Ecco, Venezia è più o meno così. Sfavillante e baraccona, ciarliera e confusa, impegnativa e impegnata. E sottilmente irreale, soprattutto. Un grande, gigantesco cartone di cartapesta dove si intrecciano e s’incrociano gigantesche aspirazioni e bassi istanti, spietati propositi di scalata al successo e disarmanti sincerità artistiche.

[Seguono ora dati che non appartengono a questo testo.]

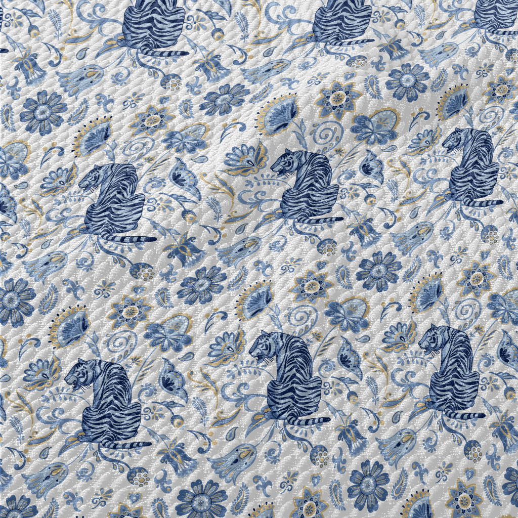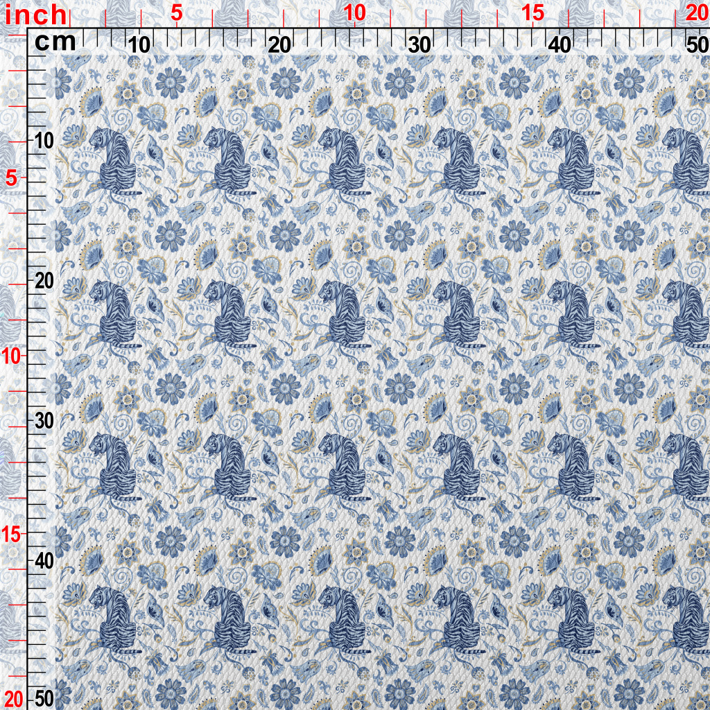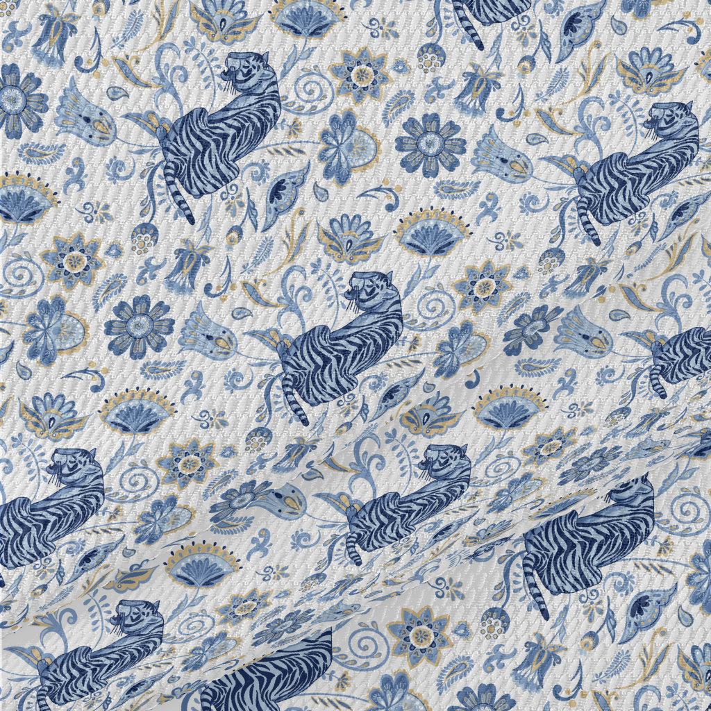 藍色老虎與花朵泡泡布(幅寬160公分)

Il tutto da qualcosa come 73 anni. 73 anni di proiezioni, polemiche, film brutti, film leggendari, film non capiti, consacrazioni, cadute, risalite. 73 anni di storia del cinema, prima di tutto. Ma anche 73 anni di gossip e paparazzi, dolce vita e notti lunghissime, corna epocali e scandali al sole. 73 anni di mitico (o mitologico) Hotel Excelsior, ad appena trenta metri dal red carpet, via vai di divi (pochi) e imbucati (molti), star e starlette, attori e politici, showgirl e imprenditori, giornalisti ed escort (“che un tempo si chiamavano semplicemente amiche”, mi ricordava il giornalista scafato con cui ho passato una giornata intera l’ultima mia volta al Lido). E ovviamente, 73 anni di transenne a fasciare il red carpet e quei trenta metri di cui sopra che alcuni (di solito i giornalisti e quelli che contano poco o nulla) si fanno a piedi e altri in una macchina offerta dallo sponsor. Transenne al di là delle quali, che piova o ci siano trenta gradi, si accalca una folla stoica ed eterogenea. Che si aspetti Alain Delon o lo sconosciuto nuovo messia del cinema koreano, una starletta televisiva o un ignoto attore iraniano inviso al regime, non importa: loro, al di là delle transenne, sono disposti a starsene lì in piedi ore e ore per dieci minuti di discesa dalle macchina e sfilata sul red carpet. Perché a loro, da 73 anni, non importa chi sei, ma importa che tu sia lì. E se tu sei lì sei certamente qualcuno e vale per forza la pena aspettarti, dedicarti sguardi, grida e applausi, provare a strapparti un autografo (ieri) o un selfie da postare sui social (oggi).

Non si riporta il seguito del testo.